Exercise aim ->
Below are entries. Give back exactly the lines from the one containing "CATKIN X SUMMER" through the one containing "続いてはまながつおの焼き物が", inclusive, without the pictures.

Supplied information ->
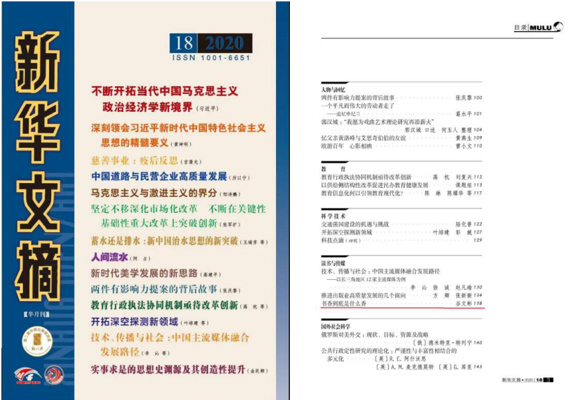 青年教师谷文彬博士的论文《书香到底是什么香》(原载《光明日报》2020年6月26日《书香到底是什么香》)被国家权威转载刊物、校定一类期刊《新华文摘》全文转载(2020年第18期)。
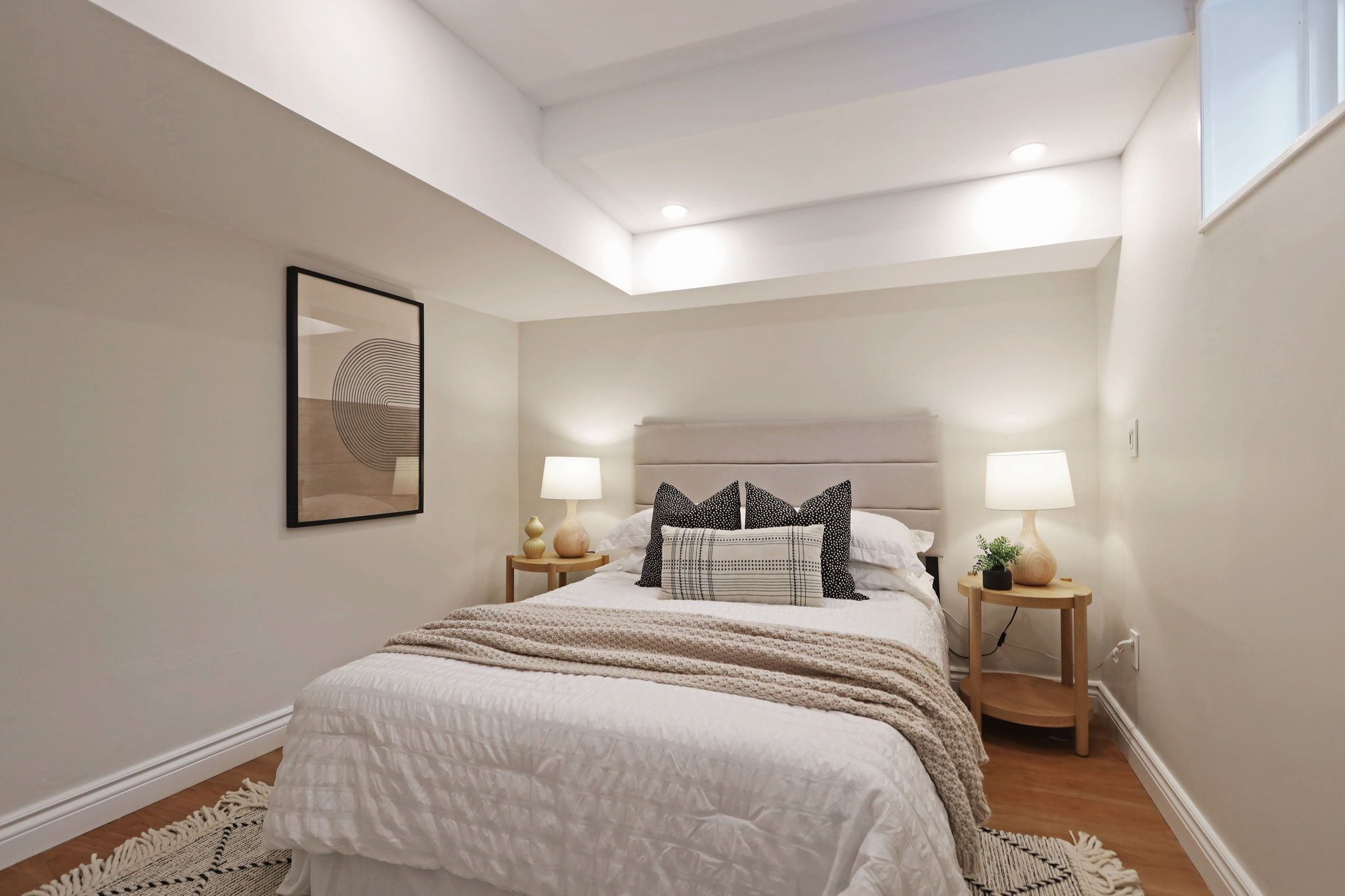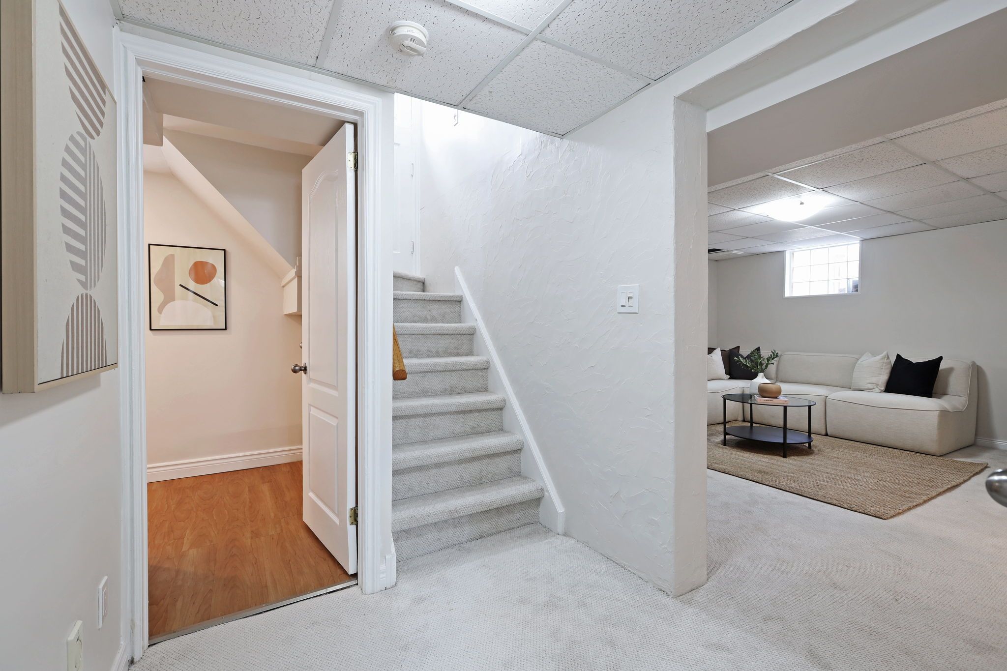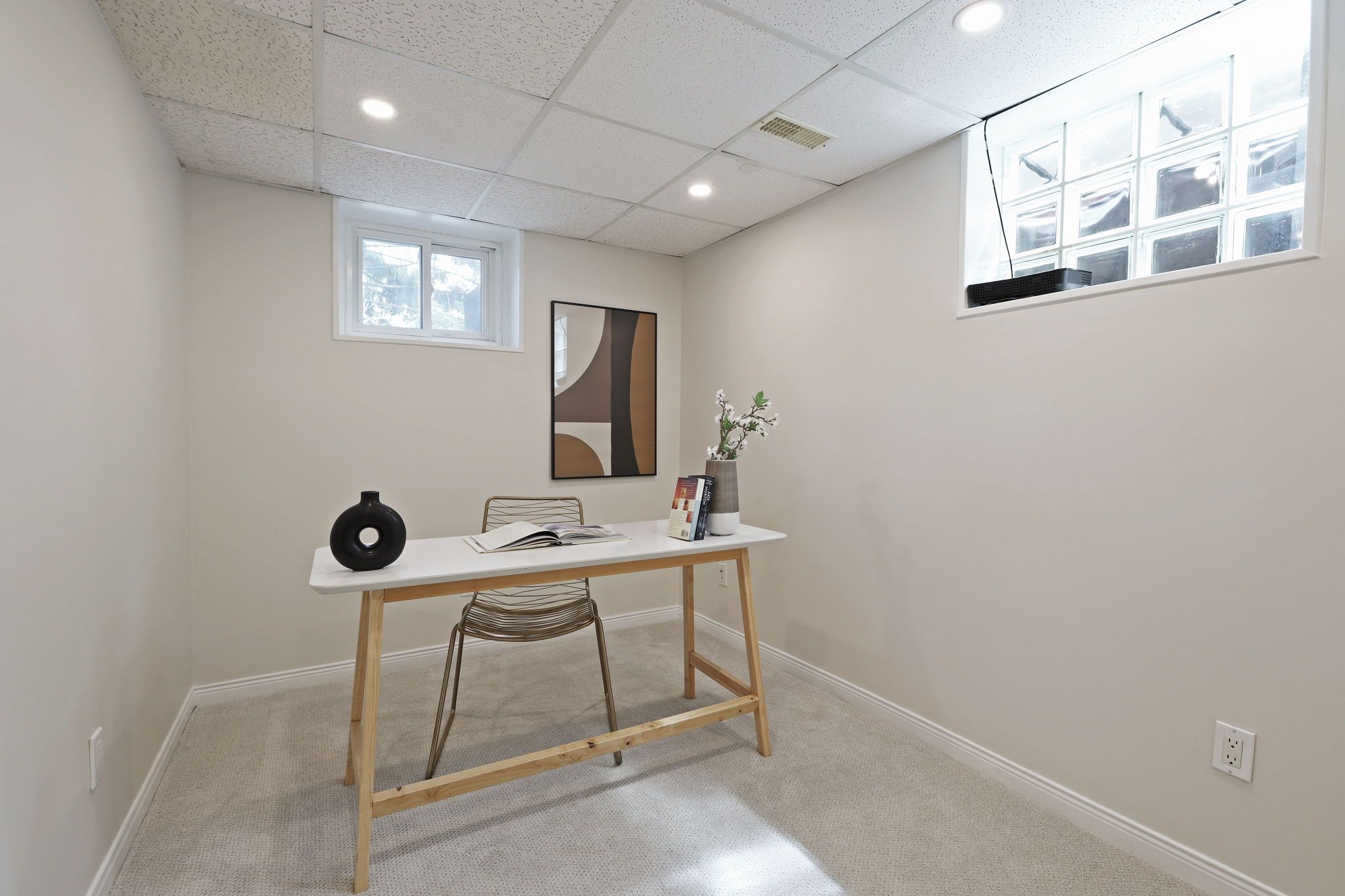 • Finished basement includes a cozy rec room and functional office space.
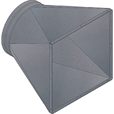 • Connection flange for rectangular outlet of , to make the connection to a circular duct easier.
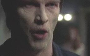 In Dallas, they elicit information from the limo driver using their vampire mind tricks -- they were set up by Fellowship of the Sun. Eric confirms as much over the phone as a newly rehabilitated Lafayette recreates the famous ottoman YouTube video in the background. Eric meets Bill in Dallas, and reveals his allegiances to Godric -- an ancient vampire who is supremely powerful, whom he hopes to rescue from human clutches. At Sookie's, Sam tries to tell his new waitress girlfriend with the ridged back his flea-bitten secret, but she stops him before he can and says she knows what he is.
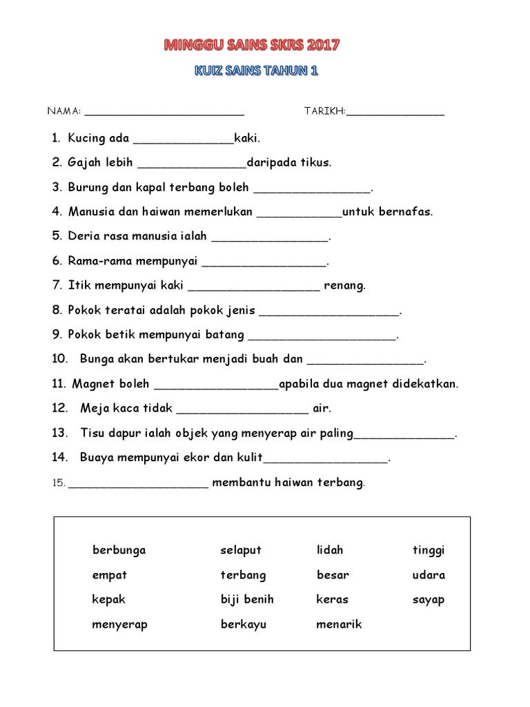 Soalan Latihan Sains Tahun 1 Penting Soalan Kuiz Sains Tahun 1 Brad Erva Doce Info Skoloh
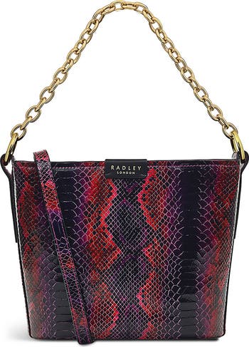 A snakeskin print and allover embossing lend a sultry vibe to a structured bag that features a chain handle and crossbody strap to mix up your carry style with ease.
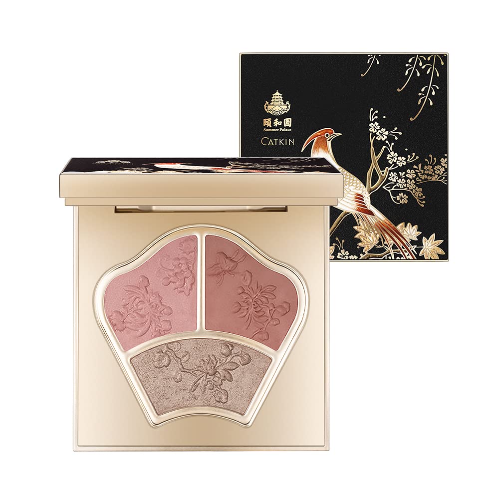 CATKIN X SUMMER PALACE Blusher Pink Nude Eyeshadow Palette Cheek Highlighter, 3-in-1 Moisturizing with Vitamin E Makeup Palette, 7.5g (C01)
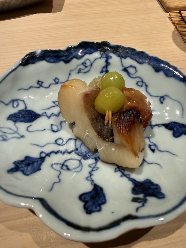 続いてはまながつおの焼き物が2種類と銀杏、見えないですが長茄子ほペースト的なものが後ろにいます。
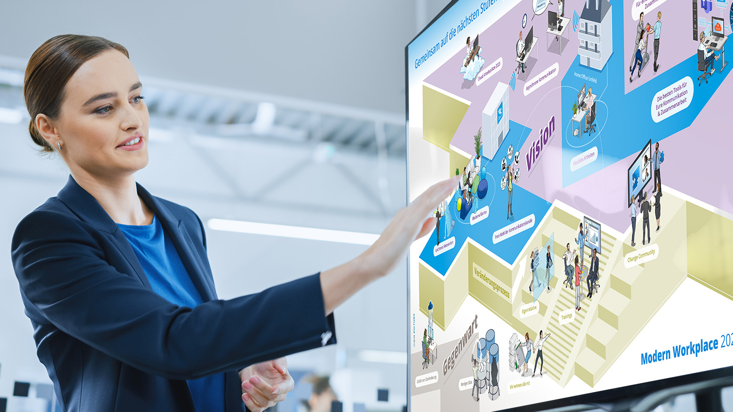 The collaboration between Die Techniker and Big Pictury was a multi-stage process. After a short but intensive briefing phase, the Big Pictury team captured the tasks and goals of the Modern Workplace project. A team from Big Pictury then conducted workshops with managers and other stakeholders relevant to change communication. In these workshops, the visual design of the cultural change in the company was elaborated and concretized with the help of a modular Big Picture Whiteboard version via Concepboard. Subsequently, a comprehensive and highly informative Big Picture as well as a digital Click-Picture (click version of the Big Picture for self-exploration) were generated for the employees. Die Techniker is currently integrating both elements into its internal communications in order to give employees an understanding of the changes taking place within the company and to generate enthusiasm among them. The Big Picture was received with great enthusiasm and quickly attracted the attention and interest of the workforce.
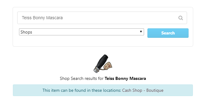 Multiple times now I've looked up items in store search and gotten the notification it's in the Cash Shop, yet when I click the link given (You know the one, the blue bar that reads "This item can be found in these locations: [Insert Place Here]") I can't find it. I don't remember the other previous items (I look up hundreds of items for fun) but right now it's Teiss Bonny Mascara

Task output ->
 CATKIN X SUMMER PALACE Blusher Pink Nude Eyeshadow Palette Cheek Highlighter, 3-in-1 Moisturizing with Vitamin E Makeup Palette, 7.5g (C01)
 続いてはまながつおの焼き物が2種類と銀杏、見えないですが長茄子ほペースト的なものが後ろにいます。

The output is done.